There has to be something to say I thought, as I stood over the hot stove cleaning up the greasy meatloaf that fell off the spatula before dinner. All I could come up with was Oy vey. Whatever. Sh*t. I had just gotten the pre-prepared meatloaf at a fancy local meat shop and didn’t expect it to ooze so much fat as it cooked, leaving it swimming in the loaf pan. Why is everything such a struggle.
While I have enormous love in my life, the day-to-day is hard. We’re in a financial conundrum, neither of us can find work resulting in a passion-driven income, and it impacts us every day. Passion is paramount. Money matters. As does health. And it’s hard when all are on the fringes.
I don’t know what happened when I tripped a couple weeks ago and broke my toe, but I realized there’s a theme here. For a long time now I have been asking for a break. Give me a break I say a lot in my head, please a break. We need more income, a better job for Sir Husband, a good job for me, Jesus C just give me a break.

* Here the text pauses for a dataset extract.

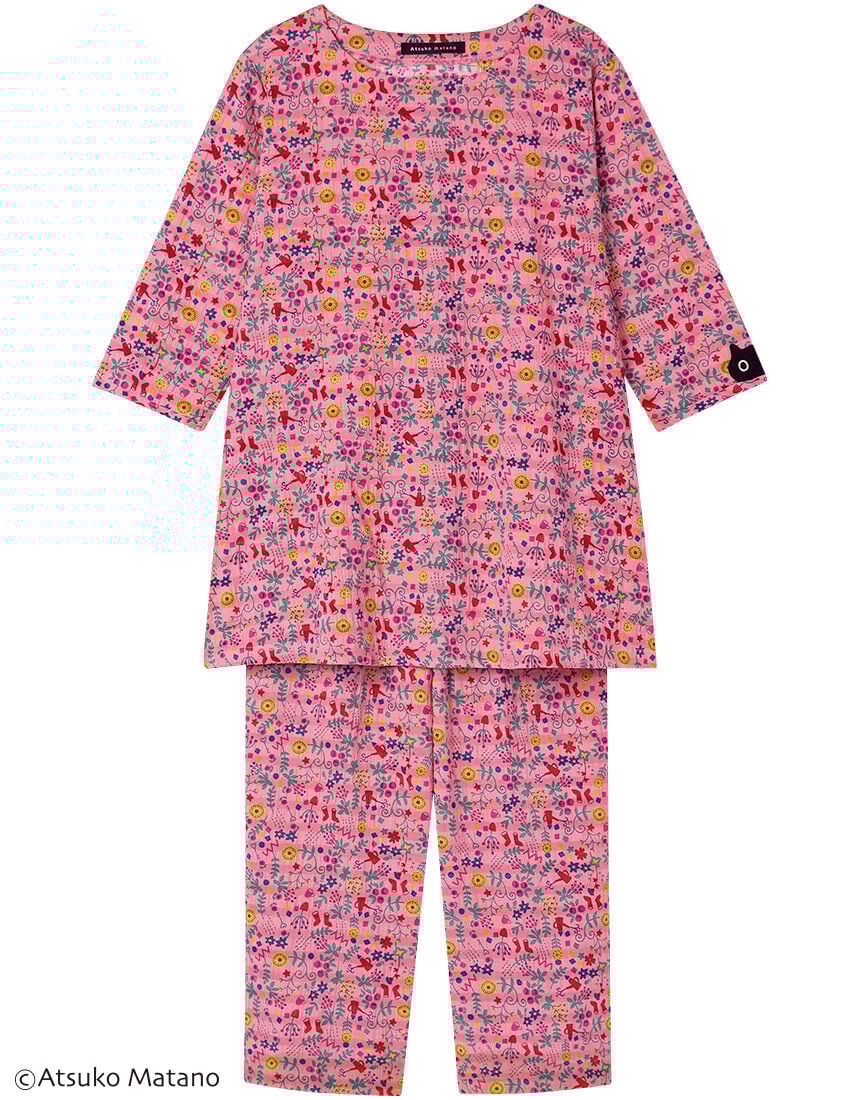 【パジャマ(7分袖8分丈パンツ)】クリエーター"俣野温子"氏がデザインする、甘くなりすぎない大人かわいいテキスタイルとカラーで、くつろぎ時間を楽しく過ごせるパジャマ&ルームウェア・綿100%のクレープ素材を使用・自然や暮らしの小さなモチーフが集まった、見ているだけで穏やかな雰囲気に包まれるような、やさしい色合いのテキスタイル・左袖口の黒猫のアップリケがデザインポイント・トップス両サイドにポケットあり同じ柄のワンピースもございますワンピースはこちら【サイズ詳細】M:身幅53.5cm 着丈67.5cm 身丈72.0cm 肩幅39.0cm 袖丈38.5cm ボトム脇丈82.0cm 裾まわり45.0cm ウエスト58.0cm ヒップ107.0cm 股下(レングス)53.0cm L:身幅57.5cm 着丈67.5cm 身丈72.0cm 肩幅40.5cm 袖丈38.5cm ボトム脇丈82.5cm 裾まわり47.0cm ウエスト63.0cm ヒップ111.0cm 股下(レングス)53.0cm LL:身幅61.5cm 着丈68.5cm 身丈73.0cm 肩幅42.0cm 袖丈39.0cm ボトム脇丈83.0cm 裾まわり50.0cm ウエスト68.0cm ヒップ116.0cm 股下(レングス)53.5cm3L:身幅65.5cm 着丈69.5cm 身丈74.5cm 肩幅43.5cm 袖丈39.0cm ボトム脇丈83.5cm 裾まわり53.0cm ウエスト73.0cm ヒップ121.0cm 股下(レングス)53.0cm4L:身幅69.5cm 着丈70.5cm 身丈75.5cm 肩幅45.0cm 袖丈39.0cm ボトム脇丈84.0cm 裾まわり56.0cm ウエスト78.0cm ヒップ126.0cm 股下(レングス)52.5cm※出来上がり寸法を表示しております※サイズ詳細の寸法には多少の差異がございます出来上がり寸法の測り方についてはこちら※アイテムによって柄の出方が異なりますのでご了承ください。

Well I got one. Two in fact. Literally. Bones. And that wasn’t what I meant. I suppose we need to be more specific when we are yelling to the cosmos. I’m uncomfortable from toe-to-head, my body is doing its own thing, my mind, my life, the same. When we reach the pinnacle of tolerance, even with gratitude recognized, we sometimes want a break. A lucky one, not a literal one.

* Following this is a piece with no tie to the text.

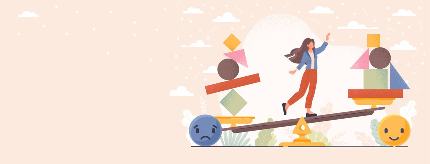 Bild: Frau balanciert zwischen positiver und negativer Emotion

“Mom, the meatloaf fell on the floor.”
I know. Give me a break.
Wait I take that back! Instead I have nothing to say. Because as I stood at the stove, spatula in my hand, I realized something that felt important, which I’ll try to put into words.
Surrender dear one, just surrender I heard. Who was that whispering in my ear? A wave of peace came over me, like a the softness of a breeze. Yea it probably sounds corny, but some moments seem simply beautiful, no matter what else is on your plate.
We don’t often recognize when our soul is speaking to us, but I heard it as plain as day in the midst of a dinner mishap.
Stop trying so hard, it said, just let it all unfold.
Now this is getting interesting, I thought as I stirred the mashed potatoes.
You mean stop worrying about how to find a job? Pay the bills? Buy a car? Stop panicking? Being sad? All I do is try…and try…and try… but still long for less struggle, more fun, more physical ability, more financial stability. If I don’t try hard to find it, how on earth will I ever have it?
I didn’t have the answer, the words just didn’t come. But the softly whispered feeling of surrender did, and that really said it all.